Pegasus 4.4.1 Released

We are happy to annouce the release of Pegasus 4.4.1. Pegasus 4.4.1 is a minor release, which contains minor enhancements and fixes bugs to Pegasus 4.4.0 release.

Enhancements:

Leaf cleanup job failures don’t trigger workflow failures
Finer grained capturing of GridFTP errors

Moved to only ignore common failures of GridFTP removals, instead of ignoring all errors
pegasus-transfer threading enhancements

Allow two retries with threading before falling back on single-threaded transfers. This prevents pegasus-transfer from overwhelming remote file servers when failures happen.
Support for MPI Jobs when submitting using Glite to PBS

For user specified MPI jobs in the DAX, the only way to ensure that the MPI job launches in the right directory through GLITE and blahp is to have a wrapper around the user mpi job and refer to that in the transformation catalog. The wrapper should cd in to the directory set by Pegasus in the job’s environment. The following environment variable is set _PEGASUS_SCRATCH_DIR
Updated quoting support for glite jobs

Quoting in the blahp layer in Condor for glite jobs is broken. There were fixes made to the planner and pbs_loca_submit_attributes.sh files such that env. var values can contain spaces or double quotes.

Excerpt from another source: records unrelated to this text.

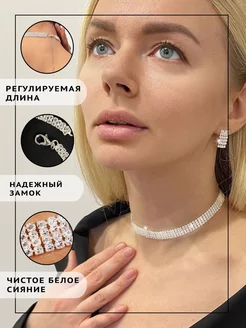 Чокер с кристаллами колье на шею сверкающий на День Святого…
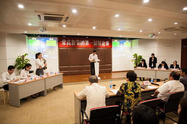 经过一个月七场比赛的对决,常高新集团首届辩论赛于10月10日在小微金融服务中心4楼会议室落下帷幕。黑牡丹一队和常高新-中润花木队从预赛、半决赛中脱颖而出,站上了当天决赛争霸的舞台。本次决赛有幸邀请到了集团董事长、总经理盛新,区工会副主席张赛月,团区委副书记秦浩杰,区人力资源中心主任刘伟和常工院资深辩论队老师张军等5位嘉宾担当评委。 决赛双方就“合作与竞争,哪个更能使企业发展”这一话题展开讨论,正方——常高新-中润花木队的论点是合作更能使企业不断前行,反方——黑牡丹一队则坚持竞争才是企业发展的源动力。双方在立论、攻辩、攻辩小结、自由辩论、评委提问及总结陈述多个环节,你来我往、针锋相对、唇枪舌战,犀利地抓住对方的漏洞予以反击。场上“火药味”虽足,但双方辩手机智的反应能力、严密的逻辑思维、诙谐的言语风格及默契的团队合作,掀起阵阵高潮,场下观众也无不折服。 在这场强强对决中,黑牡丹一队凭借整体出色的发挥,收获桂冠,常高新-中润花木联队名列亚军。在之前结束的比赛中,国展资产队和黑牡丹二队并列季军。同时,大会还评选出8位最佳辩手,分别是来自黑牡丹一队沈海霞、常高新-中润花木联队潘翔、新铁投资-高铁客运队濮阳、国展房地产队朱天宇、黑牡丹发展队徐晓晶、常金控代表队杨波、国展资产队王丽娜,黑牡丹二队蔡语嫣。 最后,盛总结合集团首届辩论赛的举办,要求全体青年员工在工作中进一步提升思辨能力及团结协作能力,并号召青年员工紧跟热点时事,开展“如何做好共产主义接班人”的思考讨论。
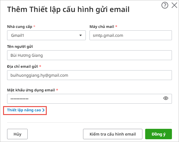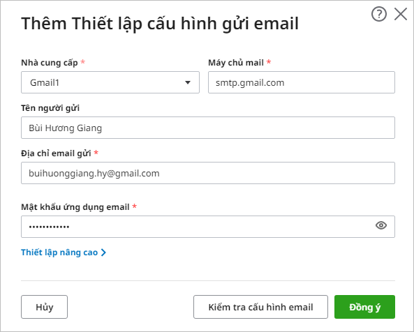 Bước 5: Khai báo các thông tin về cấu hình gửi email, sau đó nhấn Đồng ý.
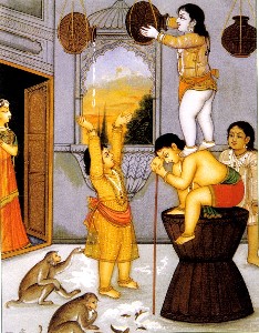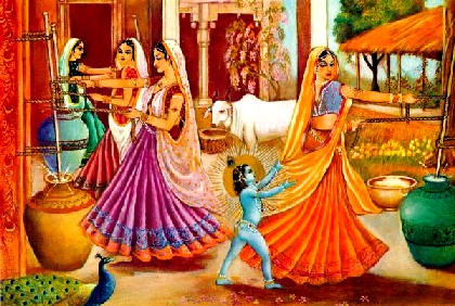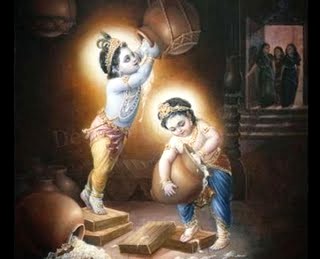 Depois de ouvir isso, Yashoda dizia: "Tudo bem, vou tirar as jóias de Krishna para que Ele não possa ver a manteiga escondida no escuro". Então as gopis diziam: "Não, não, não faça isso. Qual a vantagem de tirar as jóias? Nós não sabemos que tipo de meninos Eles são, e mesmo sem adereços, Eles irradiam um tipo de refulgência que Os faz ver tudo mesmo no escuro". Então, mãe Yashoda as avisava: "Tudo bem, guardem sua manteiga e iogurte cuidadosamente para que Eles não encontrem". Em resposta, as gopis diziam: "Sim, faremos isso com certeza, mas às vezes estamos ocupadas em nossos deveres domésticos e esses meninos levados entram em nossas casas e de algum jeito, bagunçam tudo. Às vezes, quando não conseguem furtar nossa manteiga e iogurte, ficam com raiva e urinam no nosso chão limpo e às vezes cospem. Veja seu menino agora; Ele está ouvindo esta reclamação. O dia inteiro, Eles simplesmente dão um jeito de furtar nossa manteiga e iogurte, e agora estão sentados em silêncio exatamente como bons meninos. Veja o rosto Deles". Quando mãe Yashoda pensava em castigar seu menino depois de ouvir todas as reclamações, olhava para Seu rosto arrependido, sorria e não O castigava.

The fix relies on users to put the pbs_local_submit_attributes.sh from the pegasus distribution to the condor glite bin directory. More details at https://jira.isi.edu/browse/PM-802
pegasus-s3 now has support for copying objects larger than 5GB
pegasus-tc-converter code was cleaned up . support for database backed TC was dropped.
The planner now complaisn for deep LFN’s when using condor file transfers
The planner stack trace is enabled for errors with a single -v ( i.e INFO messagae level or higher)
More details at https://jira.isi.edu/browse/PM-800

Bugs Fixed:

Change in how monitord parses job output and error files

Earlier pegasus-monitord had a race condition, at it tried to parse the .out and .err file when a JOB_FAILURE or JOB_SUCCESS happened, instead of doing it at POST_SCRIPT_SUCCESS or POST_SCRIPT_FAILURE message, if a postscript was associated . This resulted in it detecting empty kickstart output files, as postscript might have moved it before monitord opened a file handle to it. The fix for this , changed the monitord logic to parse files on JOB_FAILURE or JOB_SUCCESS only if postscript is not associated with the job

More details at https://jira.isi.edu/browse/PM-793
pegasus-monitord did not handle aborted jobs well
For aborted jobs that failed with signal, monitord did not parse the job status . Because of that no corresponding JOB_FAILURE was recorded, and hence the exitcode for the inv.end event is not recorded.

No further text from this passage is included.